PROBLEM TO WORK ON:
Write out the lines below exactly, beginning at the one with "Insgesamt wurden seit" and stopping after the one with "Аудіо-кабель Atcom (10708)"; the pictures are not copied.
-- RECORD EXCERPTS follows --
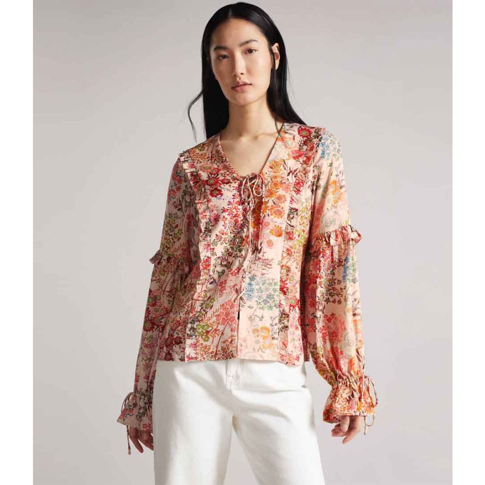 De Marrlaa Ruffle Blouse met Lace Up Detailing is een prachtige toevoeging aan de collectie Overhemden & Blouses voor dames. Deze blouse is gemaakt van hoogwaardig viscose materiaal, wat zorgt voor een comfortabele en luxe uitstraling. Het merk achter deze blouse is Ted Baker, een bekend en geliefd merk in de modewereld. De blouse heeft een mooie kleur genaamd Pale Orange, die perfect past bij het bloemige patroon. Met lange mouwen en een regular pasvorm is deze blouse geschikt voor elke gelegenheid. De knoopsluiting voegt een speels detail toe aan het ontwerp. Voor het behoud van de blouse wordt aanbevolen om deze op 30 graden te wassen.
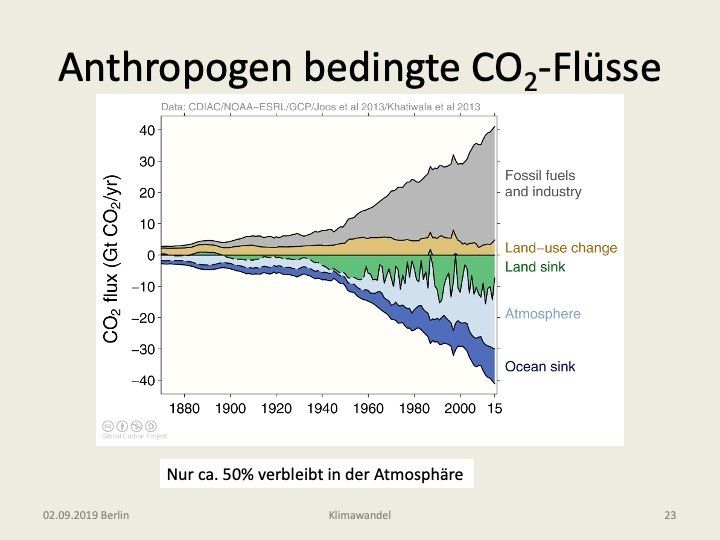 Insgesamt wurden seit Beginn der Industrialisierung etwa 2300 Gt CO2 vom Menschen durch Verbrennung fossiler Energieträger freigesetzt, wovon etwa 40% in der Atmosphäre verblieben *9).
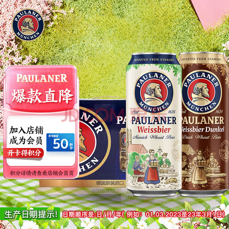 商品相册:保拉纳(Paulaner)柏龙 混合小麦啤 500ml*12听 黑白组合装 德国进口啤酒踏春送礼第
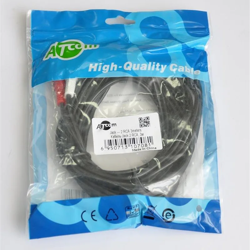 Аудіо-кабель Atcom (10708) mini-jack 3.5мм(M)-2xRCA-тюльпан(M) 3м пакет
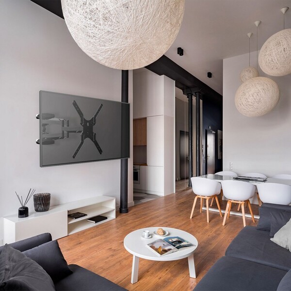 Кронштейн ONKRON 32-60" макс 400 х 400 наклон -2° / +10° поворот 140? Макс нагрузка 36, 4 кг от стены: 42-452 мм, "гармошка", черный
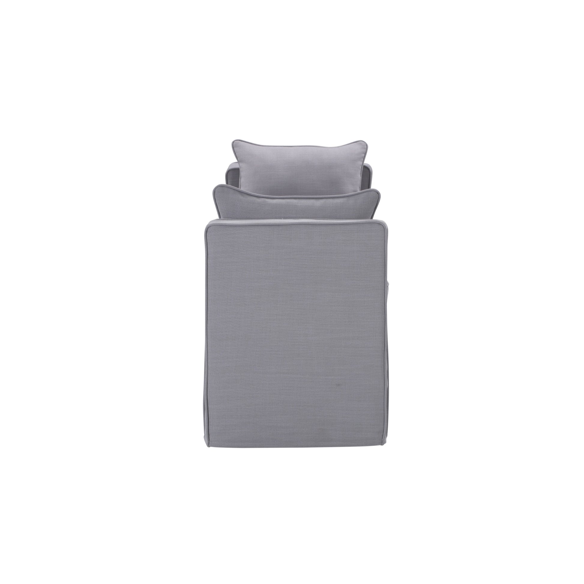 Optimize your space and add some charm to your room with the 53" light gray and black upholstered linen bench. A black manufactured wood frame is finished off with a light gray upholstery seat that is the epitomy of quality construction and design. Expertly upholstered with padding in a soft solid color 100% linen, this bench is as comfortable as it is good looking. Adding this bench to the end of your bed is a great idea to help you get ready in the morning. Benches don't have to be unsightly. Increase your seating and the fashion quotient of your room all at the same time with this hard wearing, versatile, and good looking bench. 24.8" H x 52.8" W x 19.3" D
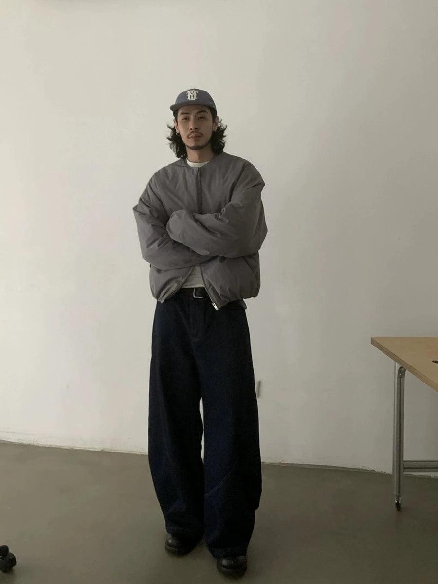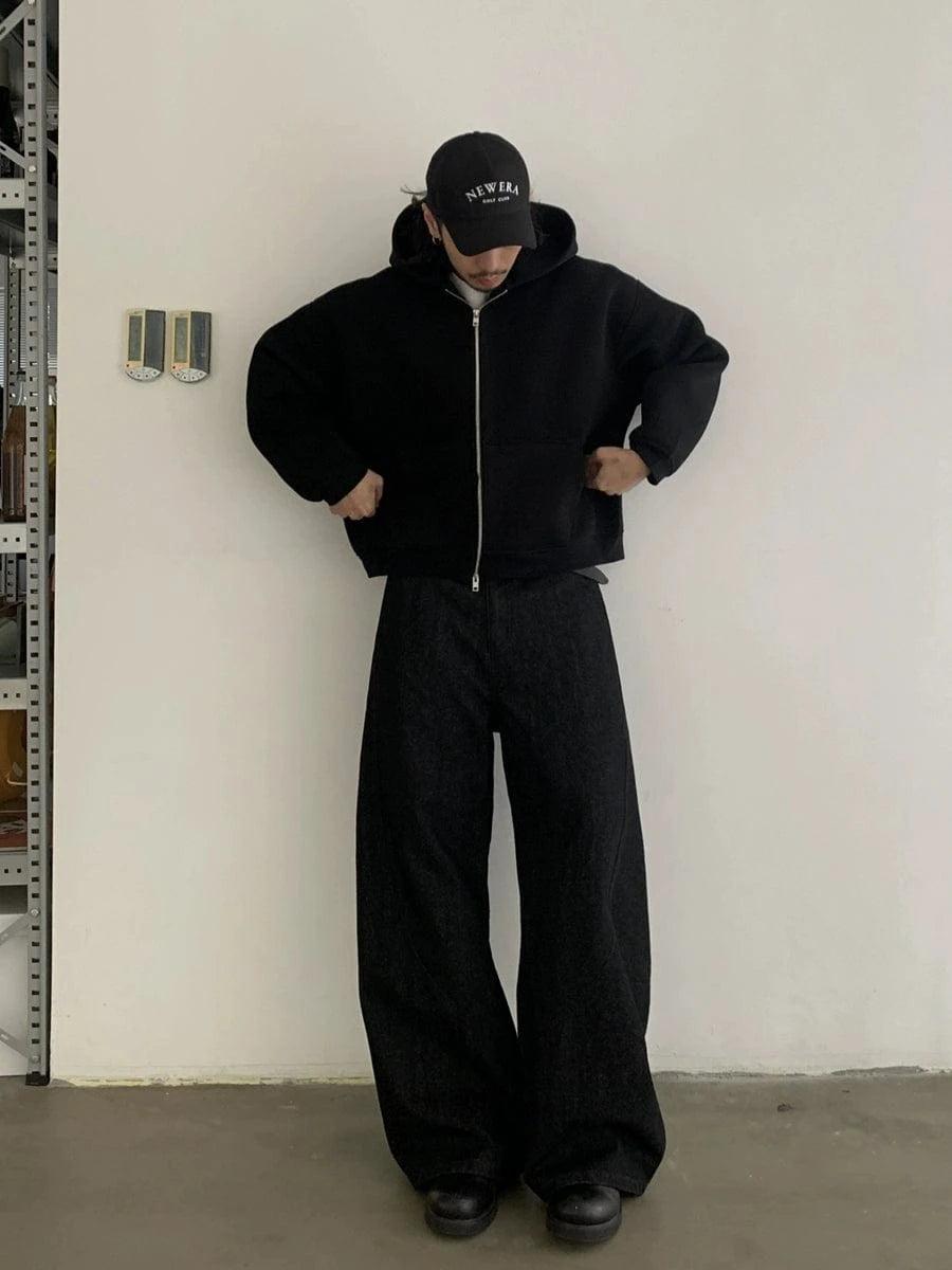 Model is 6ft (185cm) tall, 159 lbs(72kg) weight and wearing a size XL 160cm 42.5kg wearing size S - Wide straight fit- Scimitar style- DENIM- 2 colors
-- RECORD EXCERPTS concluded --
RESULT OF THIS EXERCISE:
 Insgesamt wurden seit Beginn der Industrialisierung etwa 2300 Gt CO2 vom Menschen durch Verbrennung fossiler Energieträger freigesetzt, wovon etwa 40% in der Atmosphäre verblieben *9).
 商品相册:保拉纳(Paulaner)柏龙 混合小麦啤 500ml*12听 黑白组合装 德国进口啤酒踏春送礼第
 Аудіо-кабель Atcom (10708) mini-jack 3.5мм(M)-2xRCA-тюльпан(M) 3м пакет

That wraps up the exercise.